- PROBLEM: Please transcribe the listing that follows exactly; images are to be excluded.
+++ SOURCE DATA
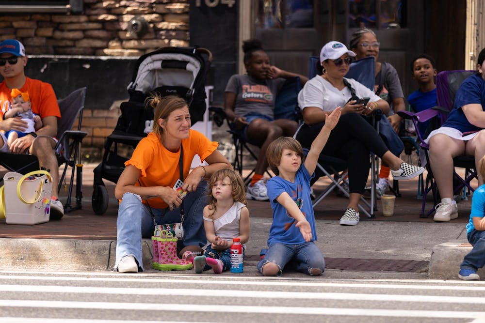 Parade floats travel across University Avenue during the Homecoming Parade in Gainesville on Friday, Oct. 17, 2025.
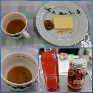 薬膳カフェの講座で自家製のサンザシシロップ🔴を頂いて、実習しました(๑><๑)۶ 「左下」 チーズケーキ soybean風🥮とサンザシ🔴 カッシューナッツ❦ 美味~(๓´͈ ˘ `͈๓).**ꔛ☆* 紅茶のアールグレイ☕️💒💭💕「上」 🌿ハーブのカモミールと陳皮🍊のハーブティー🍵も頂きました( ^^) _旦~~「右下」
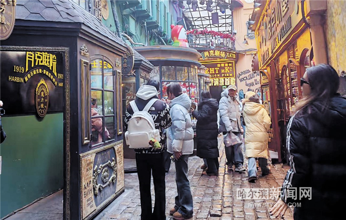 11月29日,位于中央大街的肖克庭院迎来一波打卡热潮。拱形玻璃窗、铁艺雕花座椅、暖黄壁灯与墨绿门廊,构成电影感十足的打卡点位,吸引众多市民游客专程前来拍照。
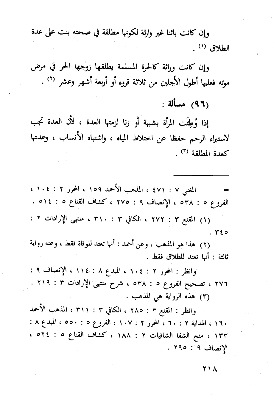 وانظر: المقنع3: 285، الكافي3: 311، المذهب الأحمد160، الهداية2: 60، المحرر2: 107، الفروع5: 550، المبدع8: 133، منح الشفا الشافيات2: 188، كشاف القناع5: 523، الإنصاف9: 295.
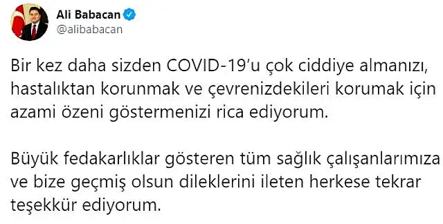 Ali Babacan, geçtiğimiz hafta koronavirüs olduğunu Twitter'dan duyurmuş, şu ifadelere yer vermişti: "Biraz önce COVID-19 testimin sonucunun pozitif olduğunu öğrendim. Şu an durumum iyi çok şükür. Doktorlarım bir süre ailemle birlikte karantina altında kalmam gerektiğini söyledi. Çalışmalarıma evden devam edeceğim inşallah."
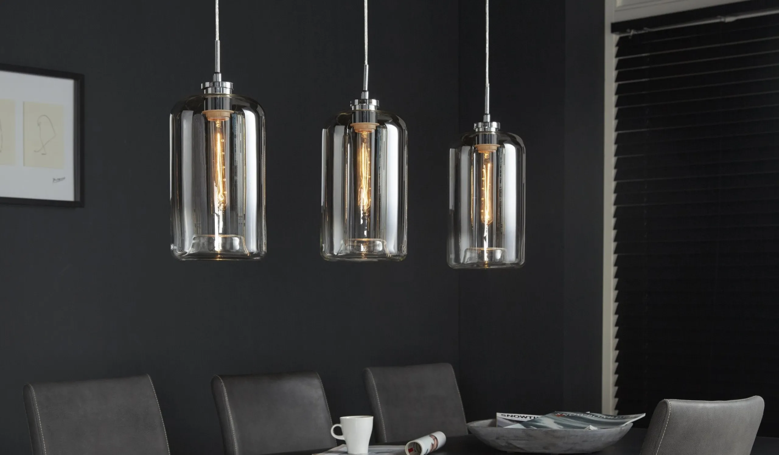 Die drei Glaszylinder beleuchten den Esstisch auf angenehme Weise und verbreitet einen wohnlichen Flair. Die Lampe hat eine chromfarbene Deckenleiste, in der die Kabel zusammenlaufen.
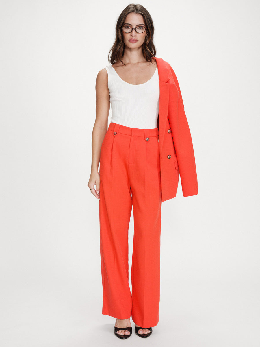 Näissä Grace & Milan housuissa on suora, leveälahkeinen leikkaus ja vyötärön laskokset, jotka tuovat ryhtiä ja viimeisteltyä ilmettä. Housut istuvat kauniisti ja sopivat niin arkeen kuin siistimpään pukeutumiseen. Yhdistä Parfaite-bleiseriin yhtenäiseksi ja huolitelluksi kokonaisuudeksi.
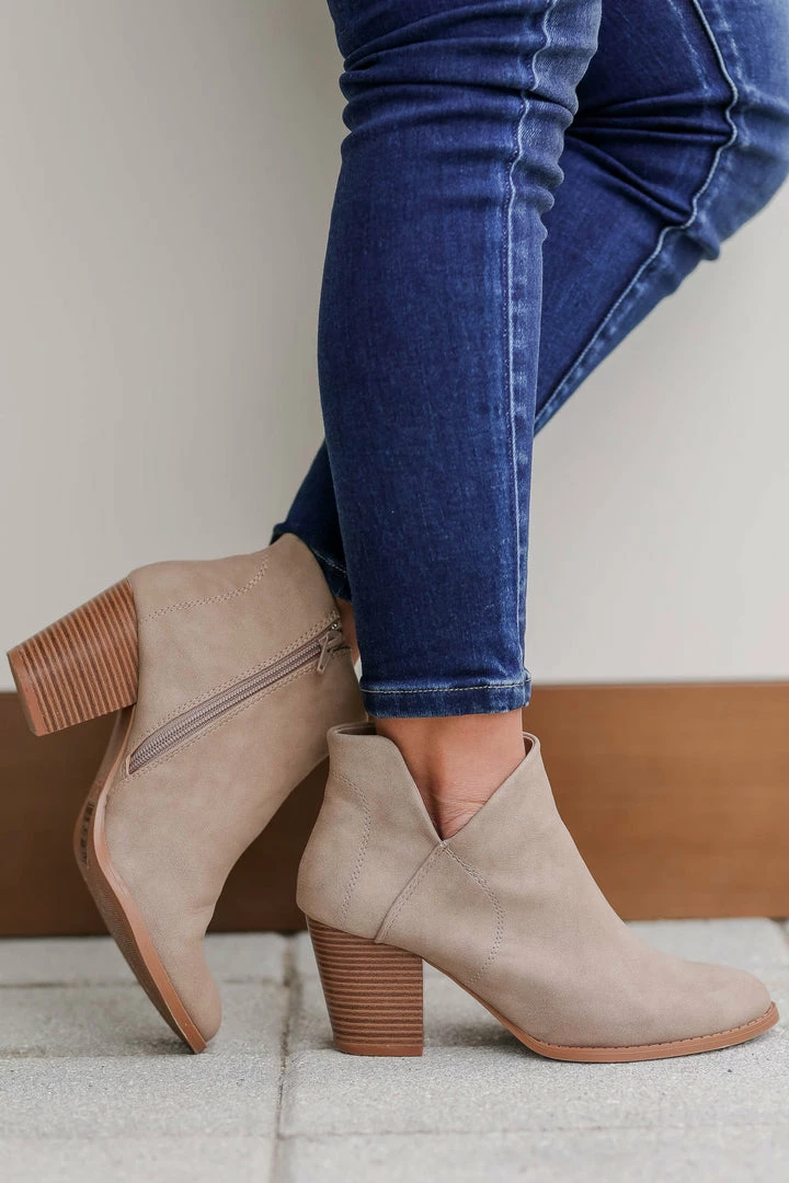 Taupe, vegan suede, women’s ankle booties featuring stitching design, side cutout detail, zipper closure, and stacked block heel.
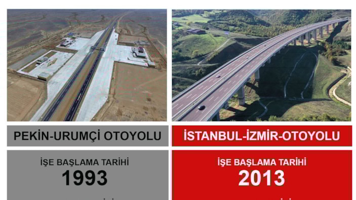Çin'de 1993 yılında başlayıp 2022 yılında açılan Urumçi-Pekin Otoyolu'yla, yalnızca 6 yılda bitirilen İstanbul-İzmir Otoyolu'nun kıyaslandığı iddialar tek tek çürütüldü.
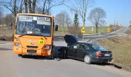 W poniedziałek (10.03.) około godz. 8.30 oficer dyżurny ełckiej komendy został poinformowany przez pracownika Centrum Powiadamiania Ratunkowego o wypadku drogowym, do którego doszło w jednej z miejscowości powiatu ełckiego. Ze wstępnych ustaleń policjantów wynika, że kierujący autobusem szkolnym na łuku drogi zjechał na przeciwległy pas ruchu i zderzył się z jadącym z naprzeciwka samochodem osobowym. Dwoje pasażerów audi – kobieta i mężczyzna zostali przewiezieni do szpitala. Autobusem jechało 14 dzieci ze szkoły podstawowej i gimnazjum z terenu powiatu ełckiego. Na miejsce wypadku podstawiony został drugi autobus, który przewiózł wszystkie dzieci do szkoły. Jak ustalili policjanci, po przyjeździe do szkoły dwie uczennice w wieku 14 i 15 lat zaczęły uskarżać się na bóle głowy. W związku z tym wezwano pogotowie ratunkowe i obie dziewczynki zostały przewiezione do szpitala. Policjanci wyjaśniają okoliczności zdarzenia. Kierowcy obu pojazdów byli trzeźwi.
++++++
- ANSWER BOX:
 Parade floats travel across University Avenue during the Homecoming Parade in Gainesville on Friday, Oct. 17, 2025.
 薬膳カフェの講座で自家製のサンザシシロップ🔴を頂いて、実習しました(๑><๑)۶ 「左下」 チーズケーキ soybean風🥮とサンザシ🔴 カッシューナッツ❦ 美味~(๓´͈ ˘ `͈๓).**ꔛ☆* 紅茶のアールグレイ☕️💒💭💕「上」 🌿ハーブのカモミールと陳皮🍊のハーブティー🍵も頂きました( ^^) _旦~~「右下」
 11月29日,位于中央大街的肖克庭院迎来一波打卡热潮。拱形玻璃窗、铁艺雕花座椅、暖黄壁灯与墨绿门廊,构成电影感十足的打卡点位,吸引众多市民游客专程前来拍照。
 وانظر: المقنع3: 285، الكافي3: 311، المذهب الأحمد160، الهداية2: 60، المحرر2: 107، الفروع5: 550، المبدع8: 133، منح الشفا الشافيات2: 188، كشاف القناع5: 523، الإنصاف9: 295.
 Ali Babacan, geçtiğimiz hafta koronavirüs olduğunu Twitter'dan duyurmuş, şu ifadelere yer vermişti: "Biraz önce COVID-19 testimin sonucunun pozitif olduğunu öğrendim. Şu an durumum iyi çok şükür. Doktorlarım bir süre ailemle birlikte karantina altında kalmam gerektiğini söyledi. Çalışmalarıma evden devam edeceğim inşallah."
 Die drei Glaszylinder beleuchten den Esstisch auf angenehme Weise und verbreitet einen wohnlichen Flair. Die Lampe hat eine chromfarbene Deckenleiste, in der die Kabel zusammenlaufen.
 Näissä Grace & Milan housuissa on suora, leveälahkeinen leikkaus ja vyötärön laskokset, jotka tuovat ryhtiä ja viimeisteltyä ilmettä. Housut istuvat kauniisti ja sopivat niin arkeen kuin siistimpään pukeutumiseen. Yhdistä Parfaite-bleiseriin yhtenäiseksi ja huolitelluksi kokonaisuudeksi.
 Taupe, vegan suede, women’s ankle booties featuring stitching design, side cutout detail, zipper closure, and stacked block heel.
Çin'de 1993 yılında başlayıp 2022 yılında açılan Urumçi-Pekin Otoyolu'yla, yalnızca 6 yılda bitirilen İstanbul-İzmir Otoyolu'nun kıyaslandığı iddialar tek tek çürütüldü.
 W poniedziałek (10.03.) około godz. 8.30 oficer dyżurny ełckiej komendy został poinformowany przez pracownika Centrum Powiadamiania Ratunkowego o wypadku drogowym, do którego doszło w jednej z miejscowości powiatu ełckiego. Ze wstępnych ustaleń policjantów wynika, że kierujący autobusem szkolnym na łuku drogi zjechał na przeciwległy pas ruchu i zderzył się z jadącym z naprzeciwka samochodem osobowym. Dwoje pasażerów audi – kobieta i mężczyzna zostali przewiezieni do szpitala. Autobusem jechało 14 dzieci ze szkoły podstawowej i gimnazjum z terenu powiatu ełckiego. Na miejsce wypadku podstawiony został drugi autobus, który przewiózł wszystkie dzieci do szkoły. Jak ustalili policjanci, po przyjeździe do szkoły dwie uczennice w wieku 14 i 15 lat zaczęły uskarżać się na bóle głowy. W związku z tym wezwano pogotowie ratunkowe i obie dziewczynki zostały przewiezione do szpitala. Policjanci wyjaśniają okoliczności zdarzenia. Kierowcy obu pojazdów byli trzeźwi.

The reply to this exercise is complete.